I roll my eyes when I see this blissfully naive LARP/mallninja imagined scenario, but I do have to remind myself that the US was founded on the basis of forming a milita etc. and I would probably say the same thing if I had that upbringing. You forget that the vast majority of people are stupid and easily scared (this is not a solvable problem)
Help me out - how can policing possibly work if no one is legally required to be policed? You just end up with murderers, rapists etc. expressing their right to "resist" with arms like in spaghetti westerns. It is totally symbolic, and would crumble at the first instance of serious government interest of arresting 'troublemakers', which would of course start with a well crafted PR campaign to get the rest of the public on their side. I think it's naive.
This feels like a strawman because you’re only hypothesizing a situation in which it wouldn’t work well.
Imagine a dark future with a sudden military coup by a small faction of extreme radicals that 85% of the population opposes. could enough citizens rise up and stop them? Could the calculus of being that coup leader be changed by the likelihood that they will be assassinated in short order, by one of millions of potential assassins? Quite possibly. These are not everyday concerns, of course, but the concerns of dark and dangerous times. It’s a bit like buying life insurance: hopefully I never need it.
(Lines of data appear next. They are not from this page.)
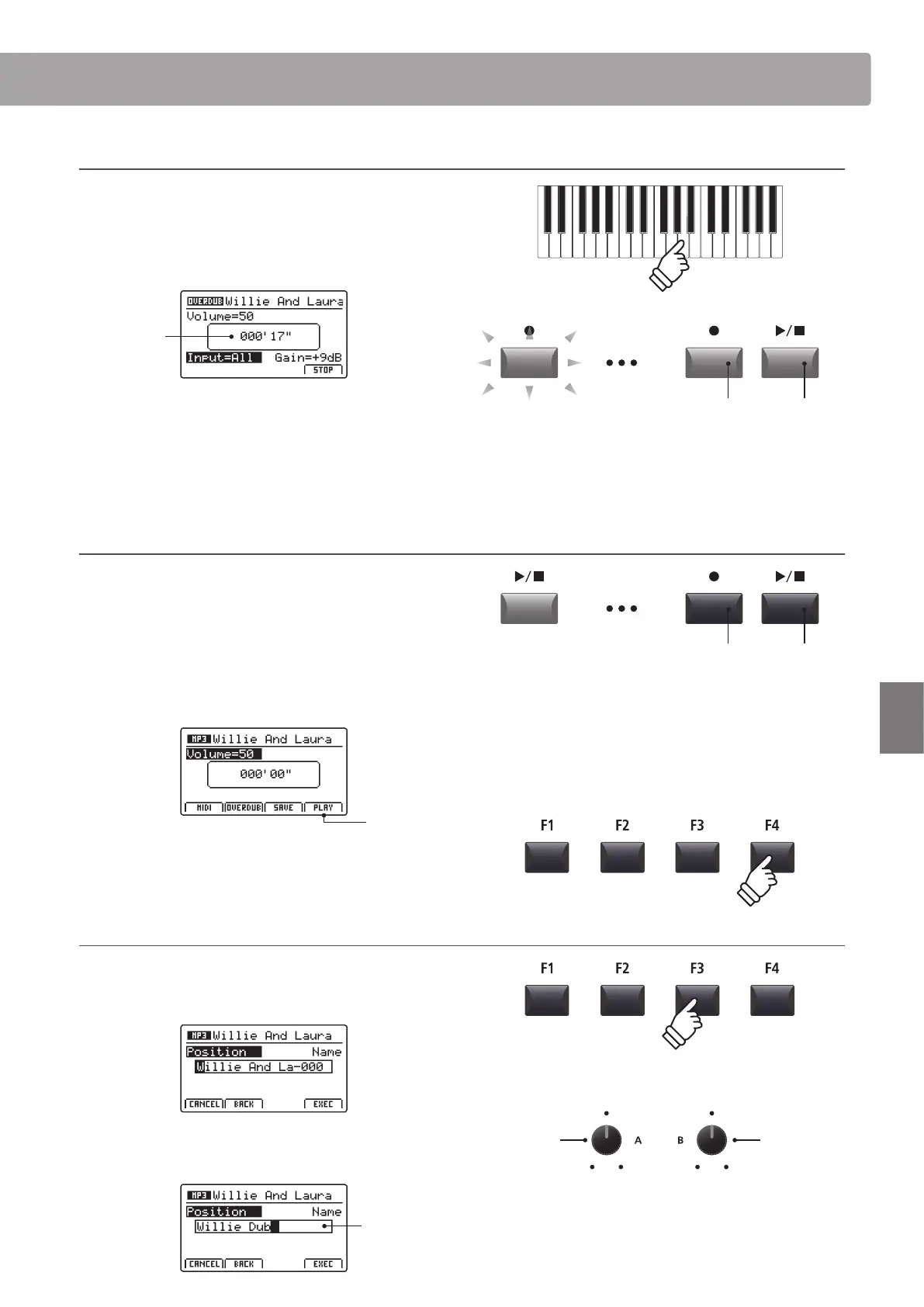 * The F4 function button (STOP) can also be used to stop overdubbing.
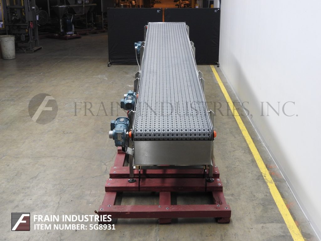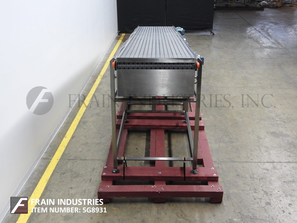 Intralox, Model ARB. stainless steel, activated roller belt conveyor enables accurate and reliable aligning of products with number of product per minute – depending on materials and application. Equipped with (2) 12" wide x 58" long activated rollers belts powered ½ Hp motor drive with safety guarding has 34" in feed and discharge height. Angled rollers embedded in the belt surface gently align products parallel along the length of the conveyor.
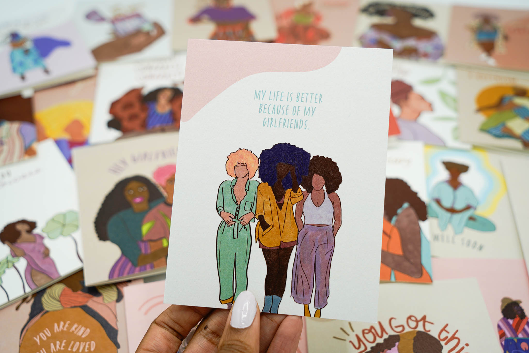 Today, our product line includes greeting cards and coloring books. These have become the heart of our brand because they help foster a sense of belonging. Through our greeting cards we explore inclusive illustrations and positive messaging. Our coloring books represent all body types, hair textures, and cultural nods to those often left unseen. While I am not actively creating new journals, we still provide our full collection through wholesale.
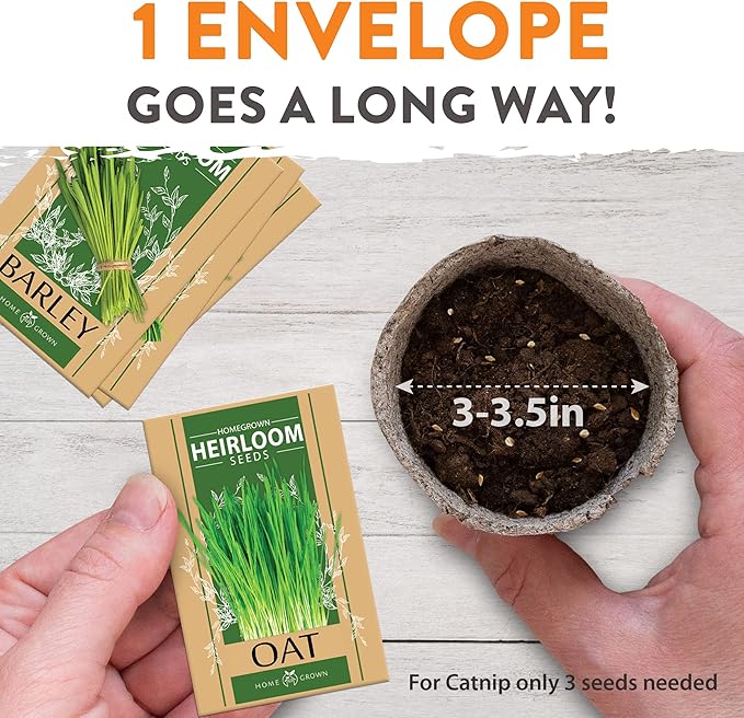 - Grows Indoors Quickly & Easily: Designed for hassle-free indoor cultivation, these seeds germinate quickly—typically within 5 to 7 days—so your cat can enjoy fresh greens in no time. All you need is a small container, soil or potting mix, water, and a bright windowsill. Perfect for any living space, from apartments to homes, it’s a low-maintenance way to enrich your pet’s daily routine.

American police will shoot people dead in the streets with impunity, the military industrial complex engages in constant wars regardless of popular sentiment and the American government is currently being carved up by neo-nazis and oligarchs but you can legally be racist on the internet. I guess it truly is the land of the free.
NO, it's the wrong choice. Most people do not understand this stuff enough to truly care about, and they just want their devices to work. This is an awful decision by Apple. There's really nothing consumers can do to pressure the British government.
Exactly. There is a technological disconnect for a lot of people. They accept actions like this because they don't fully appreciate, IMHO, the ramifications. We do, and we must do more to educate people.